Entries taken from a collection
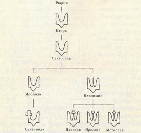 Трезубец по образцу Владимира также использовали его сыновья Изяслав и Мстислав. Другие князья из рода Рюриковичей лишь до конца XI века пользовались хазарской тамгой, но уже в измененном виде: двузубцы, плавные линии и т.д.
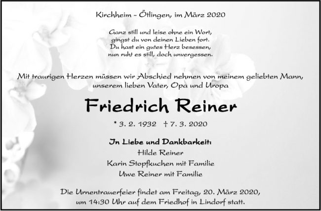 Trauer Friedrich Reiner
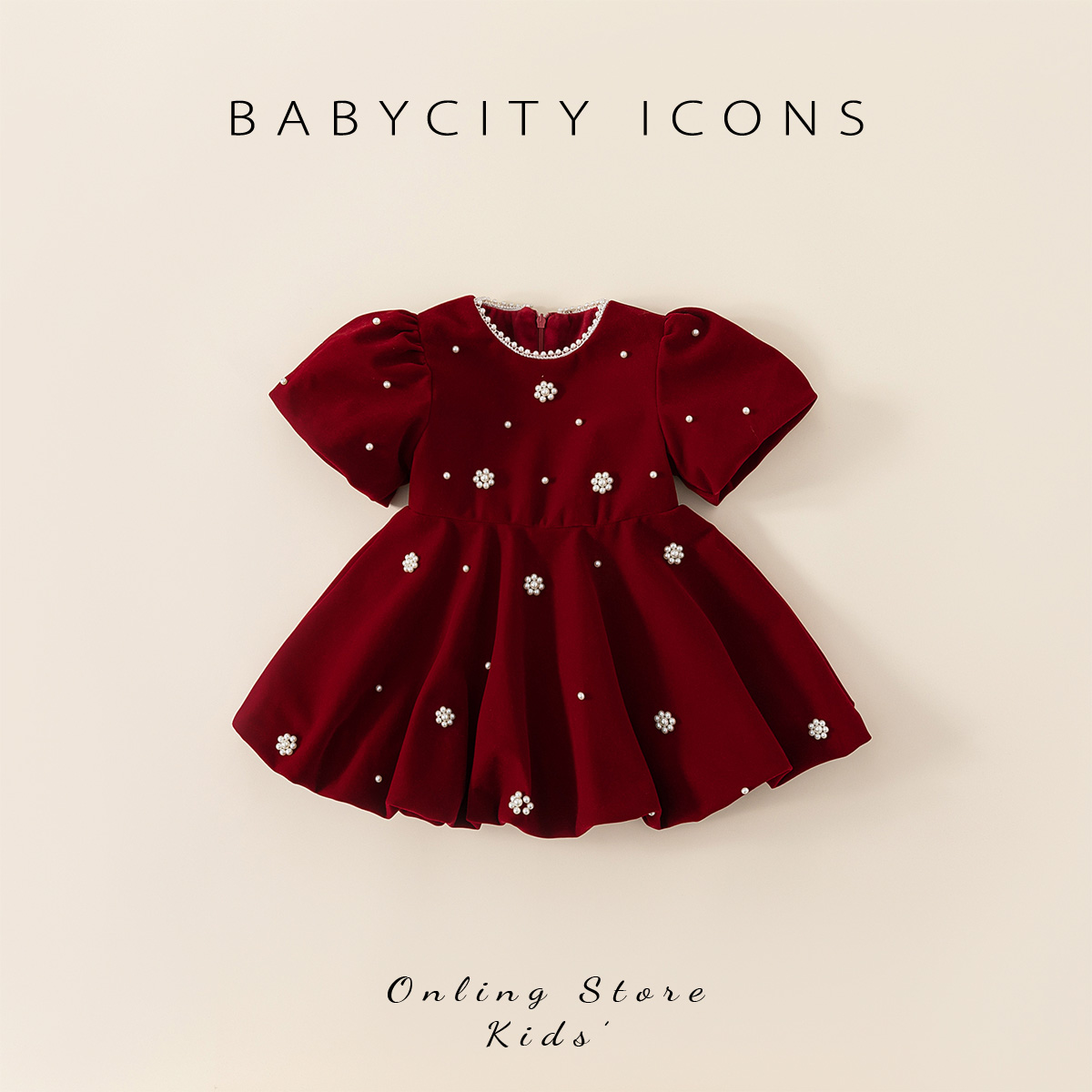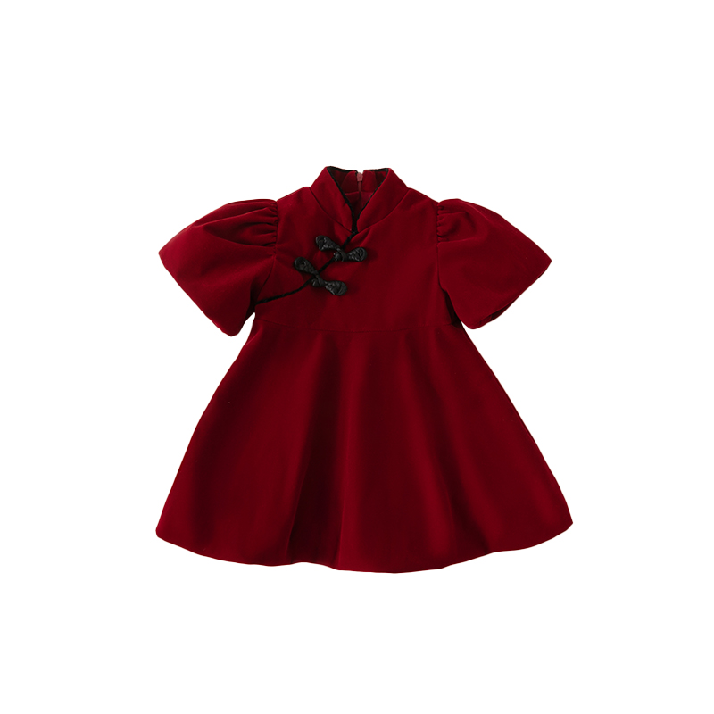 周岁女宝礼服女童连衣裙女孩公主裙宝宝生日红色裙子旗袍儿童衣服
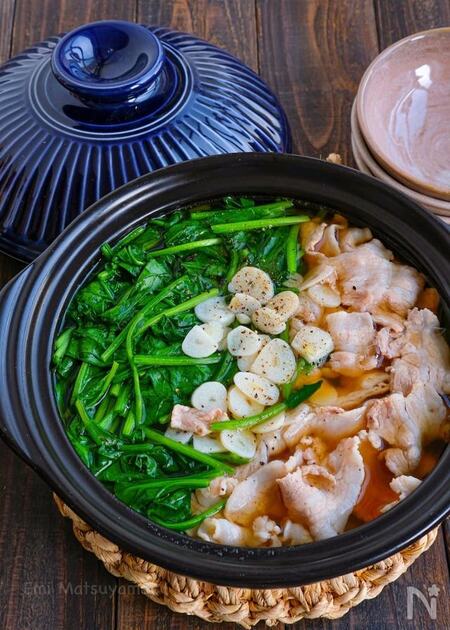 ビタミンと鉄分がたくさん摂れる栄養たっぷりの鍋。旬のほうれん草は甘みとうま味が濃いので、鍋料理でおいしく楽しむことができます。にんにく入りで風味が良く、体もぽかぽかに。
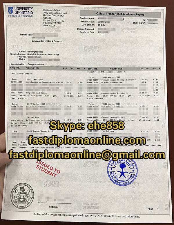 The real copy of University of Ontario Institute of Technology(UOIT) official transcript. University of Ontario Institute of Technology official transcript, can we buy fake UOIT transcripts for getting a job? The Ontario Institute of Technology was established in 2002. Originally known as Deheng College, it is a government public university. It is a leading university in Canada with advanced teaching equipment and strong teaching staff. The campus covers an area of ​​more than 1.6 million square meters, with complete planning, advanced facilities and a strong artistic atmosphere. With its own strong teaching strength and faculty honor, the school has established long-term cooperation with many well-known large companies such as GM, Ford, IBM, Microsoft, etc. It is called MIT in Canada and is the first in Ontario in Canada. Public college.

- **GOAL OF THE EXERCISE**
Copy all the records above exactly, but leave out the pictures.

- **WORKED SOLUTION**
 Трезубец по образцу Владимира также использовали его сыновья Изяслав и Мстислав. Другие князья из рода Рюриковичей лишь до конца XI века пользовались хазарской тамгой, но уже в измененном виде: двузубцы, плавные линии и т.д.
 Trauer Friedrich Reiner
 周岁女宝礼服女童连衣裙女孩公主裙宝宝生日红色裙子旗袍儿童衣服
 ビタミンと鉄分がたくさん摂れる栄養たっぷりの鍋。旬のほうれん草は甘みとうま味が濃いので、鍋料理でおいしく楽しむことができます。にんにく入りで風味が良く、体もぽかぽかに。
 The real copy of University of Ontario Institute of Technology(UOIT) official transcript. University of Ontario Institute of Technology official transcript, can we buy fake UOIT transcripts for getting a job? The Ontario Institute of Technology was established in 2002. Originally known as Deheng College, it is a government public university. It is a leading university in Canada with advanced teaching equipment and strong teaching staff. The campus covers an area of ​​more than 1.6 million square meters, with complete planning, advanced facilities and a strong artistic atmosphere. With its own strong teaching strength and faculty honor, the school has established long-term cooperation with many well-known large companies such as GM, Ford, IBM, Microsoft, etc. It is called MIT in Canada and is the first in Ontario in Canada. Public college.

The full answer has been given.